Source data

--- START ---

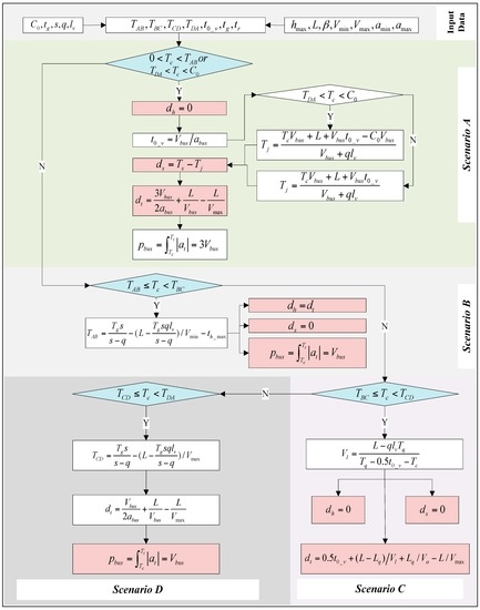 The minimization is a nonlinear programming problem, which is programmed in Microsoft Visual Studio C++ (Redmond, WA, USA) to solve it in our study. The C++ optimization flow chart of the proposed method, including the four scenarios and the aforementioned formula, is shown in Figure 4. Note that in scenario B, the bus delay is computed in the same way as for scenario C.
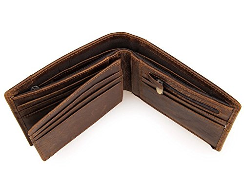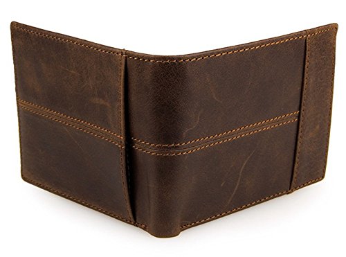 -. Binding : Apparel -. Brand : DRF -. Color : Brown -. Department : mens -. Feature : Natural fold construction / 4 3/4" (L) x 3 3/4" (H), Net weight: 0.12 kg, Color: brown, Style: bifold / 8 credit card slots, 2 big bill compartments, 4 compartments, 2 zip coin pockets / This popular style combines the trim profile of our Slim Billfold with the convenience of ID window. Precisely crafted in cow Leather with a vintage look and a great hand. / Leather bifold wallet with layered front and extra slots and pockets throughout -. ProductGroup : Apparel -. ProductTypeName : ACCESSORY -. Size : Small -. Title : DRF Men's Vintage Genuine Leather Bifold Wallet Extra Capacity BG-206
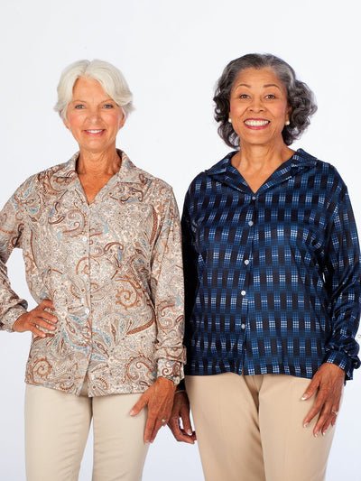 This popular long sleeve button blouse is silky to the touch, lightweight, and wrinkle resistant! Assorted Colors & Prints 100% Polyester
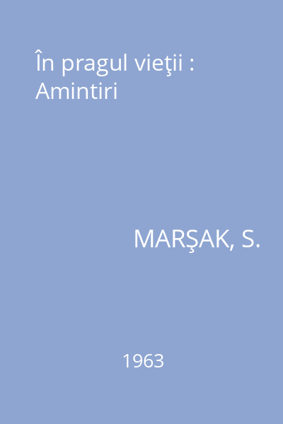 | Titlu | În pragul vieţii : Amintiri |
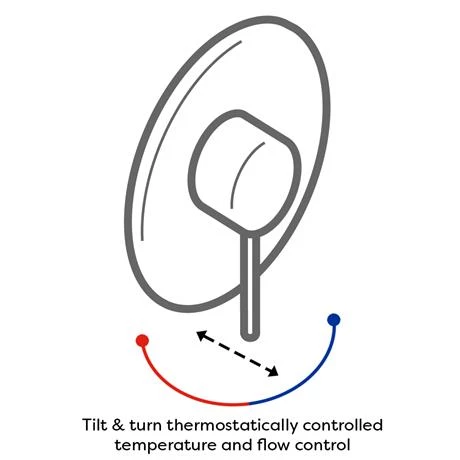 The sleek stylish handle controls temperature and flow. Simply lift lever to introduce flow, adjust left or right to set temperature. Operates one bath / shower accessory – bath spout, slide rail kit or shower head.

--- END ---
--- START ---

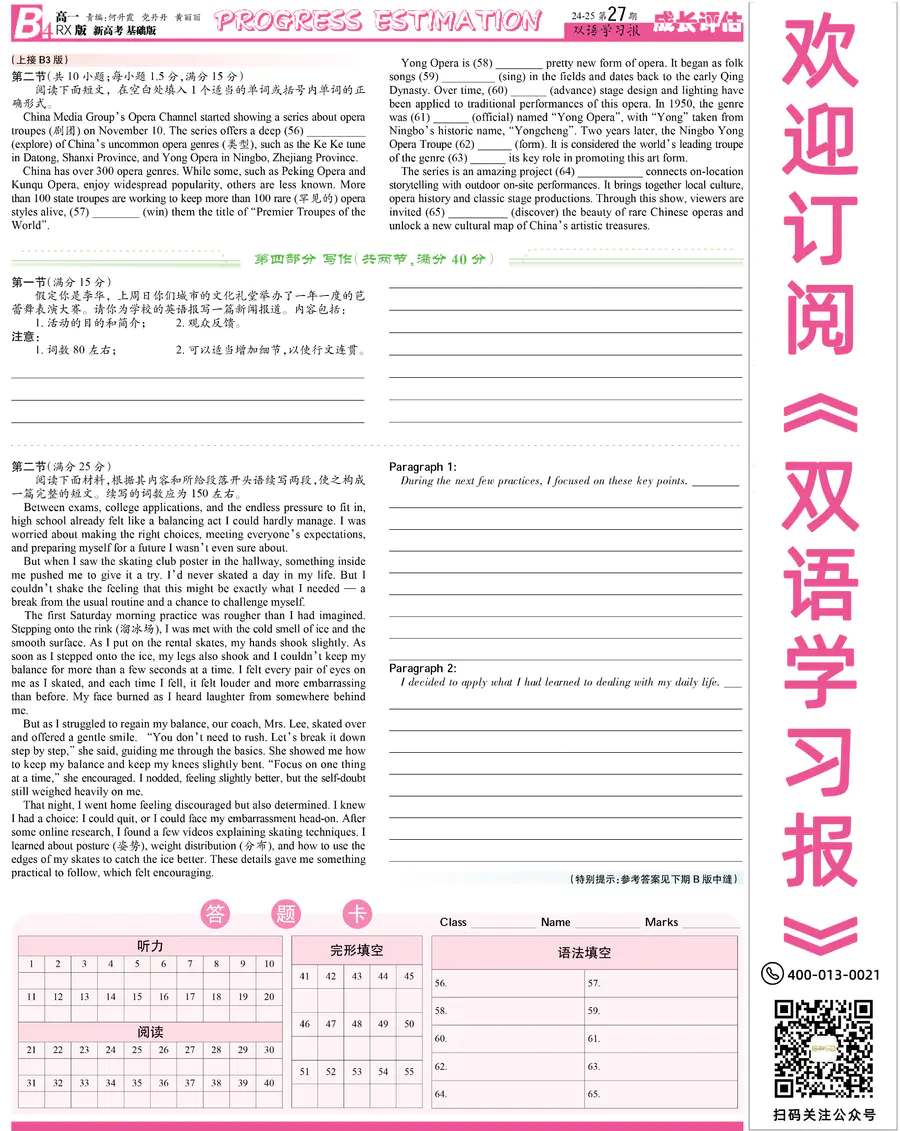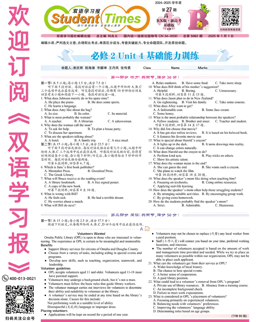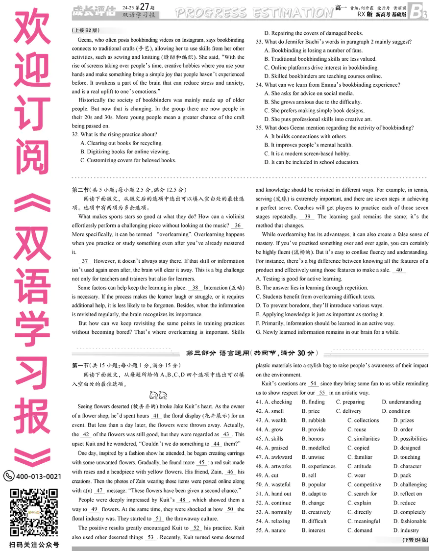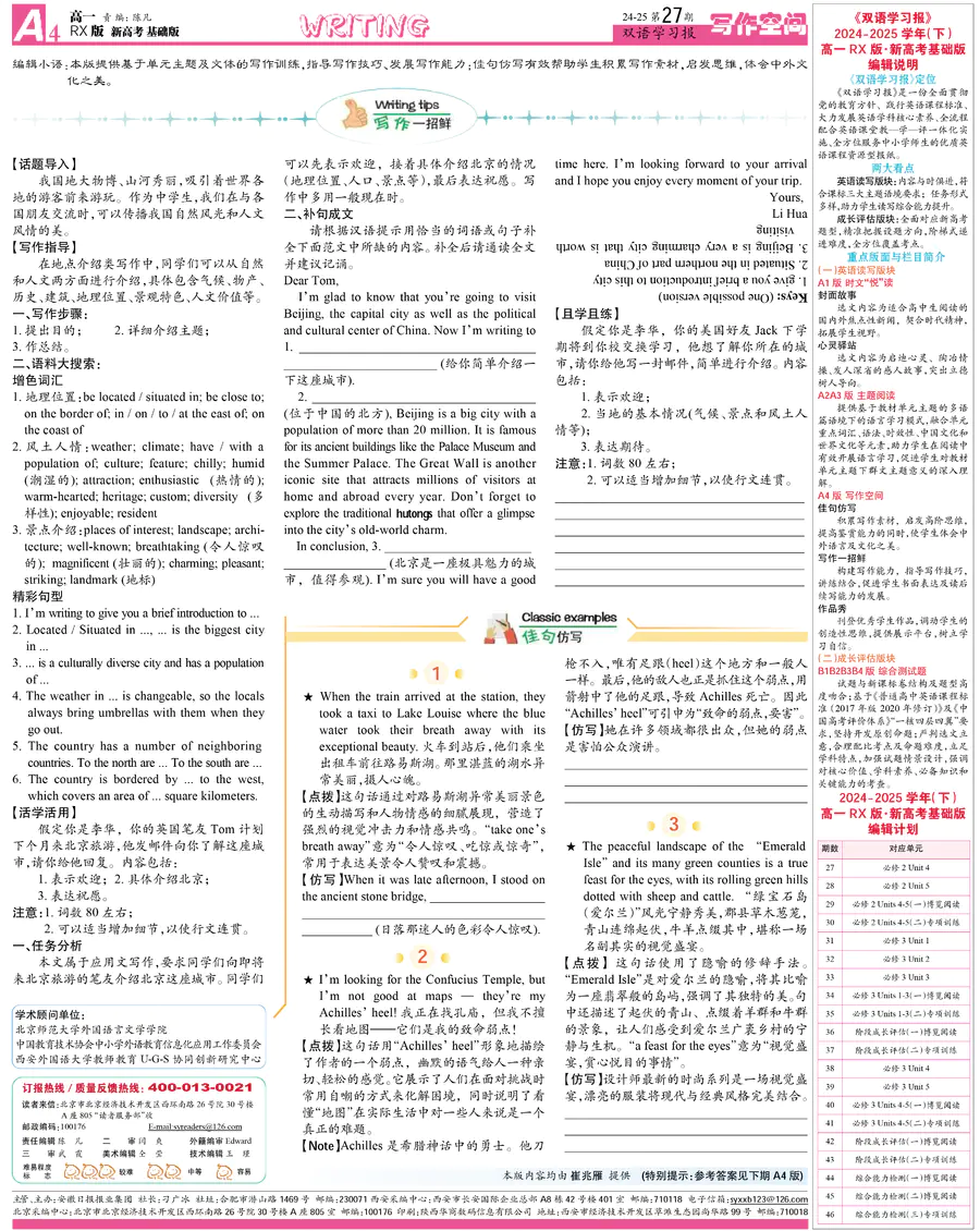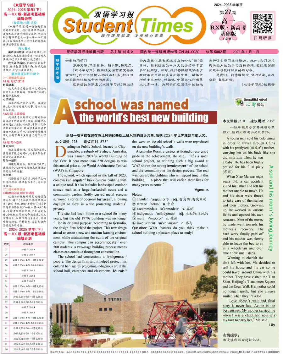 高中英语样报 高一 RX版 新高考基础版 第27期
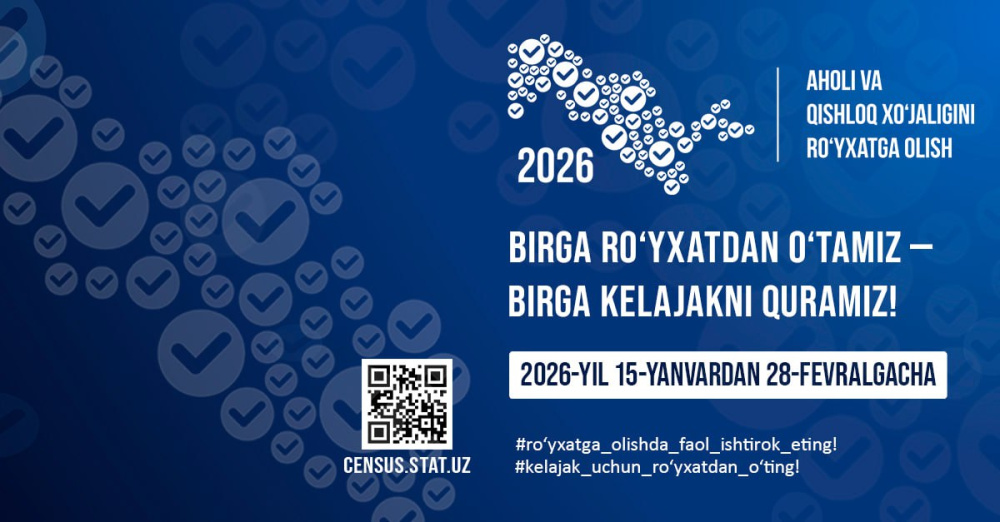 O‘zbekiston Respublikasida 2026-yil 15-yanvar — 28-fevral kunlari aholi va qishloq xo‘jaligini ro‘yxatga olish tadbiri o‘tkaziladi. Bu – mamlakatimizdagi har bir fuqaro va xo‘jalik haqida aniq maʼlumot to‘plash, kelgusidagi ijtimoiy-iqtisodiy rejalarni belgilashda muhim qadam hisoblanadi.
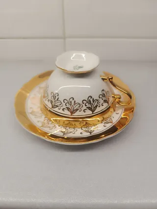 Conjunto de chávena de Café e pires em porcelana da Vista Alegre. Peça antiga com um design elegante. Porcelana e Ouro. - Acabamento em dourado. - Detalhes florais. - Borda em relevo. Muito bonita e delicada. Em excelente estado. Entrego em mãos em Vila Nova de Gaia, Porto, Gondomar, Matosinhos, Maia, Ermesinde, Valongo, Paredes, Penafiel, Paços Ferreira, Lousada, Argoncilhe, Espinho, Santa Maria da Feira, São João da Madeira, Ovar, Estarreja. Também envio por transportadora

--- END ---

Problem statement
Retype only the lines above from the one with "O‘zbekiston Respublikasida 2026-yil" through the one with "Conjunto de chávena", exactly and with both ends. Images stay out.

Solution for this problem
 O‘zbekiston Respublikasida 2026-yil 15-yanvar — 28-fevral kunlari aholi va qishloq xo‘jaligini ro‘yxatga olish tadbiri o‘tkaziladi. Bu – mamlakatimizdagi har bir fuqaro va xo‘jalik haqida aniq maʼlumot to‘plash, kelgusidagi ijtimoiy-iqtisodiy rejalarni belgilashda muhim qadam hisoblanadi.
 Conjunto de chávena de Café e pires em porcelana da Vista Alegre. Peça antiga com um design elegante. Porcelana e Ouro. - Acabamento em dourado. - Detalhes florais. - Borda em relevo. Muito bonita e delicada. Em excelente estado. Entrego em mãos em Vila Nova de Gaia, Porto, Gondomar, Matosinhos, Maia, Ermesinde, Valongo, Paredes, Penafiel, Paços Ferreira, Lousada, Argoncilhe, Espinho, Santa Maria da Feira, São João da Madeira, Ovar, Estarreja. Também envio por transportadora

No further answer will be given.